# Honey Peanut Brittle Recipe



## snl

Ok, who has a killer honey peanut brittle recipe AND is willing to share?


Larry


----------



## DC Bees

That sounds yummy!I would like to try some myself.


----------



## Onekill

Saw one in WT Kelly Sept newsletter.


----------



## snl

The recipe from Kelly any others?


PEANUT HONEY 
BRITTLE
1 cup peanuts
l/2 cup honey
1 tsp salt
Combine all ingredients in a small saucepan 
and cook over moderate heat.
Stir continuously for 5 minutes or until peanuts 
are golden.
Pour onto aluminum foil and allow to cool completely.
When cooled, break into pieces and store 
chilled in an airtight container.


----------



## Michael Bush

I think you'll have better luck if you cook it to hard crack stage and forget how golden the peanuts are...


----------



## Myron Denny

I used a large cast iron skillet ( it had too much surface), I used 2/3 cup dark honey & 1 cup raw peanuts combined together and gently boiled for a total of 20 min., I kept testing it in a glass of water until it was almost hard crack. I removed it from heat and added the butter then I mixed in 1 tsp baking soda. It shatters good but it has a burnt taste. ( I have eaten about all of it anyway)


----------



## rniles

I just made this. I can't remember where I stole this recipe. Substitute almonds with peanuts if you like:

Almond Brittle

Ingredients
1/3 cup butter
1/4 cup honey
3/4 cup slivered almonds

Directions
Spray an 8-inch baking pan with cooking spray. In a large, heavy skillet, melt butter. Stir in honey and almonds. Cook over medium heat, stirring frequently until mixture is golden brown (approximately 7 minutes). Spread in pan. Let sit for 5 minutes. Cool. Crack into pieces. 

(baking soda doesn't seem to be needed; has good crunch without being tough).


----------



## Myron Denny

I made another batch using:
1/3 C butter
1/4 C of the lightest honey I have (it is very light amber)
3/4 C raw peanuts
no baking soda
all combined and constantly stirred in a 9" cast iron skillet at the lowest heat I have for 7 min. It is darker than what I cooked yesterday, and it still has a burnt taste. It is crunchy and it is still darker in color (?cooked butter?) The volumn of candy is considerably smaller.


----------



## rniles

Myron Denny said:


> It is darker than what I cooked yesterday, and it still has a burnt taste. It is crunchy and it is still darker in color (?cooked butter?) The volumn of candy is considerably smaller.
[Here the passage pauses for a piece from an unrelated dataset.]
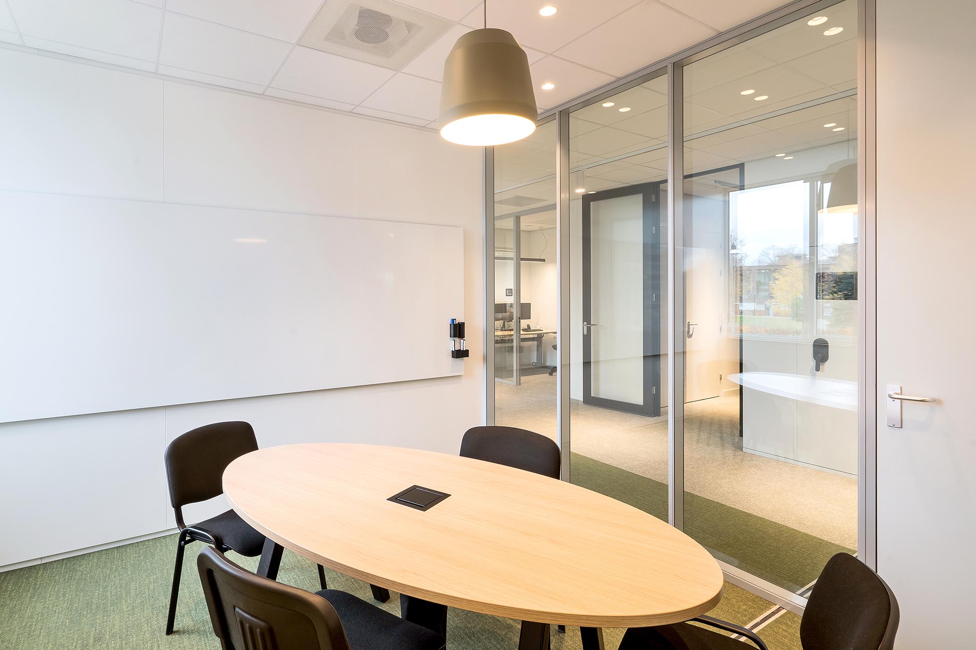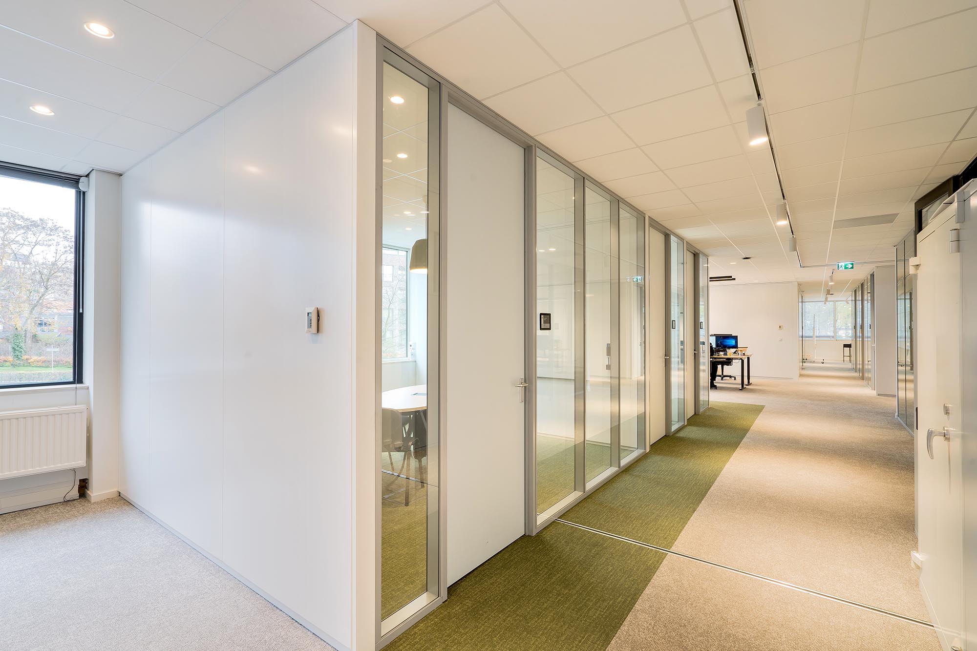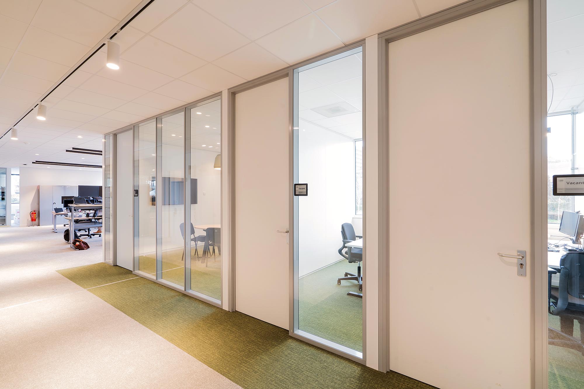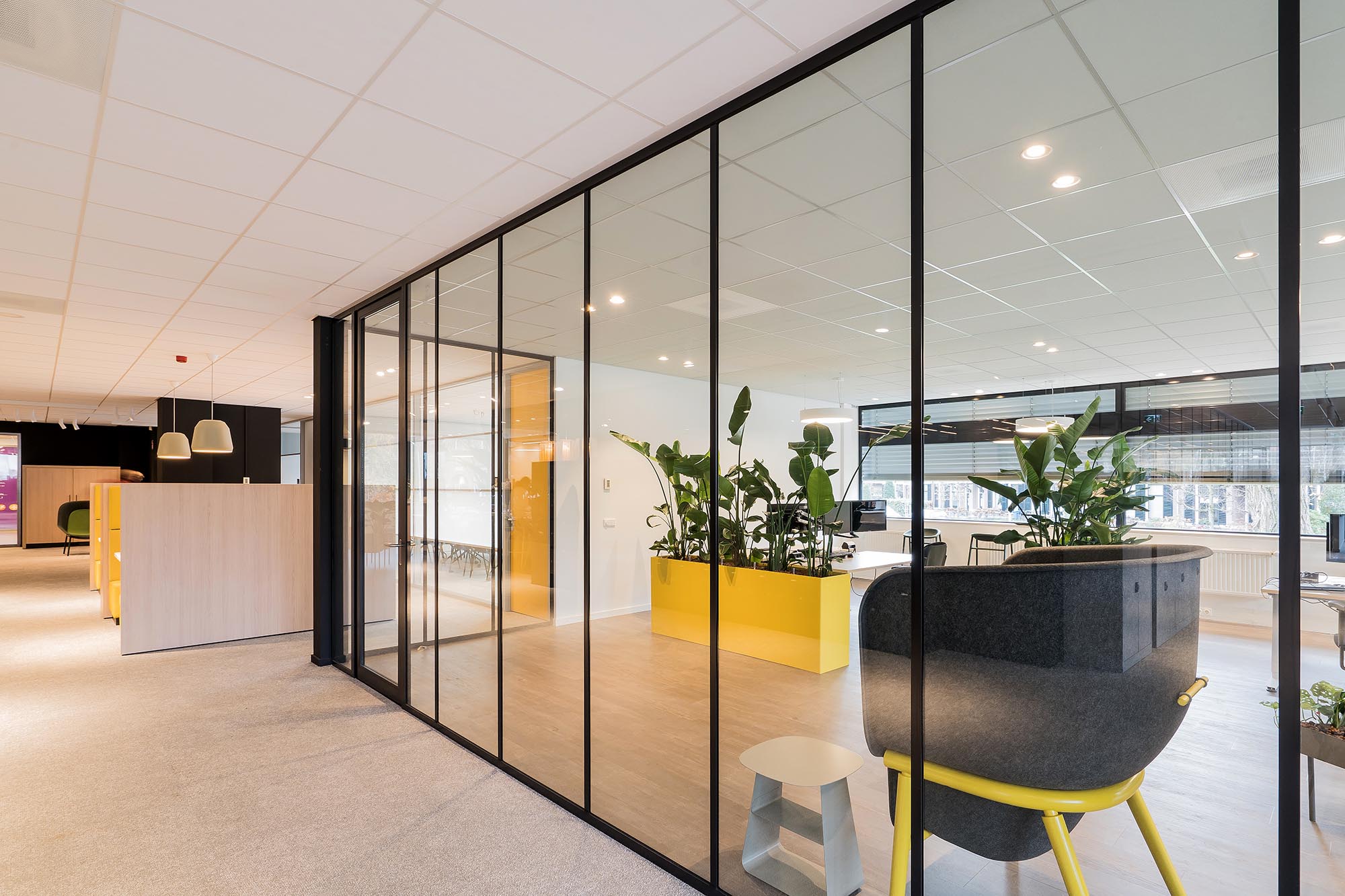 Uiteraard speelt ook privacy en rust een belangrijke rol. Zo is er gekozen voor onze stalen systeemwand met een geluidsisolatie van Rw=54dB als dichte wand tussen de overlegplekken. Om de zichtlijnen en transparantie te waarborgen is onze ClassicFrame ECO toegepast op de gangpaden en als afscheiding tussen de ontmoetingsruimte en de kantoorplekken.
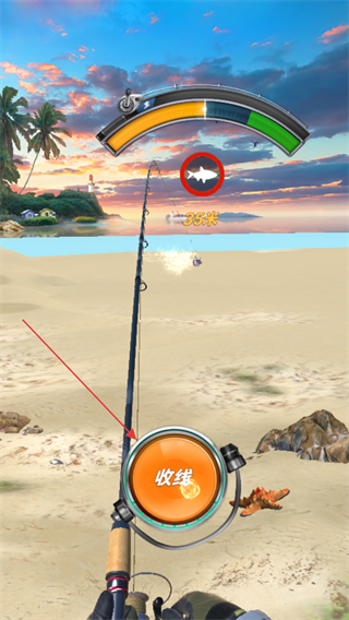 3、收线过程中,留意上方的进度条和鱼的图标,调整收线节奏,避免鱼逃脱。

I made two more batches, another with almonds and then the last with peanuts ..I tend to add more than 3/4 cup of the nuts but still less than 1 full cup. When I cook, I cook it to the color not according to the temperature, a golden brown, then I take it off. No burnt taste - that I nor my wife can detect.

It does make a small batch, a thin 8x8 inch batch. To me, that's ok as I eat it. If I make too much, I'll eat too much. No self control.

I like it better than commercial versions of brittle - and like the fact that there are three simple ingredients ...but I haven't had anyone else's brittle in over a decade or more ...so I can't compare this recipe fairly.


----------